Octreotide neutralizes dexamethasone antitumor actions on P388 murine lymphocytic leukemia in vivo.

PURPOSE: A wide variety of human malignancies, including lymphoproliferative neoplasms, express somatistatin (SS) receptors (SS-R). SS induces apoptosis and exerts pronounced antiproliferative effects on various human tumors cell lines, human xenografts, and animal tumors including P388 lymphocytic leukemia. In patients with thymoma the combination of octreotide (OCT) with corticosteroids improves the overall response rate. It has been reported that SS can increase glucocorticoid activity. Hereby, we studied the in vitro and in vivo activity of the SS analogue OCT and of the glucocorticoid dexamethasone (DEX) alone or in combination against the murine P388 lymphocytic leukemia.

MATERIALS AND METHODS: Cultures of P388 lymphocytic leukemia and BDF(1) male mice implanted with P388 cells where used for the in vitro an in vivo evaluation of the antileukemic activity of SS and DEX.

RESULTS: OCT induced a moderate and DEX a satisfactory cytostatic effect in vitro. OCT produced borderline antileukemic effect when administered on days 1-5 while DEX was effective in all schemes and routes of administration. However, none of the combination schemes exerted any anti-leukemic activity both in vitro and in vivo.

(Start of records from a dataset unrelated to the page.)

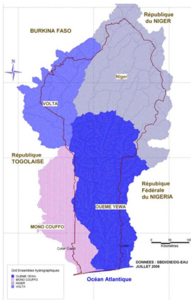
Fig. 1. Grands ensembles hydrographiques du Bénin

On distingue quatre grands réseaux hydrographiques à savoir : le bassin hydrographique du Niger, le bassin hydrographique de la volta et le bassin hydrographique côtier qui se subdivise en l'ensemble Mono-Couffo à l'ouest et en Ouémè-Yèwa à l'est. Ces différentes unités hydrographiques sont subdivisées en 86 sous-bassins sur le territoire du pays. Au total, 2000 hectares de fleuves, 1900 hectares de lacs et un système lagunaire de plus de 2800 hectares parcourent tout le pays [16]. Toutes ces masses d'eau communique avec la mer au sud du pays par les embouchures de Cotonou et de Gran-Popo au travers les deux grands lacs du pays que sont : le lac Nokoué, d'une superficie de 150Km 2 au sud du bassin Ouémè-Yèwa et le lac Ahémé d'une superficie de 85Km 2 au sud du bassin Mono-Couffo. Ceux deux lacs constituent ainsi en quelque sorte d'exutoires intermédiaires de toute pollution trainée depuis le nord du pays avant leur rejet dans la mer.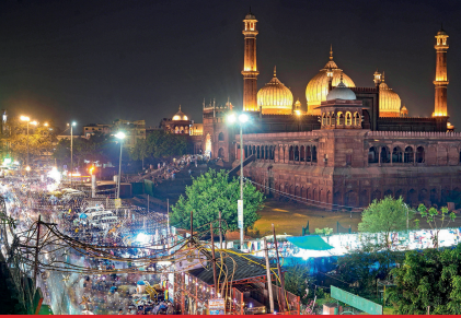
सुबह पढ़ी जाएगी ईद की नमाज

आज पूरे देश में ईद मनाई जाएगी। बुधवार को शब्वाल महीने का चांद नजर आ गया है। बुधवार शाम करीब सवा सात बजे ईद के चांद का दीदार हुआ। जामा मस्जिद की चांद कमेटी ने चांद नजर आने का ऐलान किया है। जामा मस्जिद के शाही इमाम ने सभी मस्जिदों के इमामों को सुझाव दिया है कि जहां पूरी तरह से मुस्लिम बस्तियां हैं, वहां नमाजियों की संख्या अधिक होने की वजह से मस्जिद के बाहर नमाज पढ़ सकते हैं। इस दौरान कोई आपत्तिजनक व्यवधान न हो। स्थानीय प्रशासन इसके लिए सहयोग करें। बाहर नमाज पढ़ना मुमकिन न हो तो मस्जिद के परिसर में ही एक से अधिक जमात की जाएं। जामा मस्जिद में सुबह साढ़े छह बजे ईद की नमाज पढ़ी जाएगी।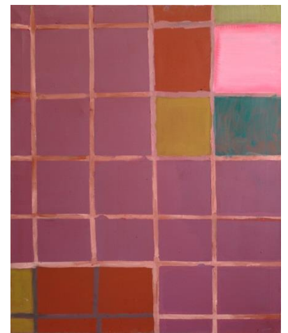
Christian Fichtl, 103-0869, Öl auf Leinwand, 120x100 cm, 2015

Dorothea Konviarz Stiftung // Stiftung Ursula Hanke-Förster // Helmut-Thoma-Stiftung // IBB Preis für Photographie // Meisterschülerpreis des Präsidenten // NaFöG // Regina Pistor Preis // Schulz-Stübner-Preis // Stiftung Ulrich und Burga Knispel

CONCLUSION: Since both SS and glucocorticoids exert direct (via receptors) and indirect antitumor actions (regulation of growth factor activity) on several cell lines, in vitro and in vivo, it becomes obvious that further in vitro studies shall provide the molecular evidence for the signal transduction pathways which are involved in the interactions of such important anticancer drugs. Based on the results of the present study, the simultaneous use of these drugs in clinical practice should be carefully considered.